Провизор ушел, а Прохоров долго еще ломал себе голову над нерешенным вопросом. Буфетчица с «Чистополя» дала показания, что мужчина, покупавший вино, был не первой молодости, одет со вкусом, лицо сухощавое, злое. Кажется, зуб золотой вверху. Может, это и есть племянник бывшего казначея?

«Полтузин… А он-то чего хотел от старикашки? – размышлял далее Прохоров, припоминая осеннюю встречу в буфете на пристани. – Пьет с племянником и в долг берет кругленькую сумму, а возвращать не торопится. Похоже на то, что старик с деньгами».

На второй день с утра Прохоров был в конторе лесничества. Там уже сидел прокурор. Инженер еще не вернулся, его ожидали дней через пять.

– Может быть, отозвать? – предложил прокурор при посторонних.

– Не вижу в этом особой необходимости, – не вдруг отозвался Прохоров. – Человек выполняет служебное поручение, зачем отрывать от дела. Да и о чем вы будете его спрашивать? Она ведь была морфинисткой, вы знаете это? Конец таким предрешен.

А сам будто машинально перелистывал послужной список инженера-лесовода, которого и сам хотел увидеть как можно скорее. Ага, вот его фотография: лицо с туго обтянутыми скулами, тонкие губы плотно сжаты, подбородок выдается вперед.

Прохорову стало немного жарко. Вот бы буфетчице показать этот снимок! Но он ничем не выдал охватившего его волнения.

– Что вы нам посоветуете? – снова спросил прокурор.

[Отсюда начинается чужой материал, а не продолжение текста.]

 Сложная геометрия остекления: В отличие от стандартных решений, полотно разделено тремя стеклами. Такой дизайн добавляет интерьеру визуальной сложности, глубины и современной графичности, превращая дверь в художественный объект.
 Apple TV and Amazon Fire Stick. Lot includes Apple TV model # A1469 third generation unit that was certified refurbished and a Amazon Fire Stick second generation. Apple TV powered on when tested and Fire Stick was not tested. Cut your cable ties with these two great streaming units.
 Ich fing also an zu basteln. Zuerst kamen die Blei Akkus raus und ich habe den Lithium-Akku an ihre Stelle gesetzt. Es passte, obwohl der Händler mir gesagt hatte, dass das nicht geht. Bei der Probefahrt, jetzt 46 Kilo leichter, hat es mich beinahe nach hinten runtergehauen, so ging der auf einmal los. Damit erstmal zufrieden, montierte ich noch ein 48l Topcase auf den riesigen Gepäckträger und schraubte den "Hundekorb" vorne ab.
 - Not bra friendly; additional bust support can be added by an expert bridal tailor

– Вы – прокурор, не мне вас учить, – не в шутку уже рассердился Прохоров. – Я же сказал: мор-фи-нист-ка! – А сам подумал: «Кули бы тебе на баржи таскать!»

А потом он был в сберегательной кассе, по карточкам вкладчиков поискал фамилию банковского бухгалтера. Таковой не оказалось. Покопался в пропыленных папках уже закрытого в городе магазина «Торгсин». Тут нашел. Несколько раз в накладных этого магазина попадалась фамилия бывшего казначея. И всегда он сдавал николаевские золотые червонцы. Забирал рулоны дорогого сукна, меховые шубы, ящиками вино и дефицитные продукты.

Когда в Бельск приехал Жудра, Прохоров обо всем ему доложил.

– Вы на верном пути, – похвалил его Жудра. – И я вот для вас привез кое-что интересное. – И достал из портфеля штук десять фотографий Полтузина.

И опять стало жарко Прохорову. Молча глянул он в суровое лицо Жудры, взглядом спрашивая: «Когда его взять? Сегодня, сейчас?»

– Повременим, – понял по взгляду Жудра. – Неделя-другая роли теперь для нас не играют. Я думаю взять его в сопровождающие. Свезу подлеца в Каменный Брод.

– Догадается.

– Посмотрим, чьи нервы крепче.

– Но ведь риск-то какой, Григорий Матвеевич!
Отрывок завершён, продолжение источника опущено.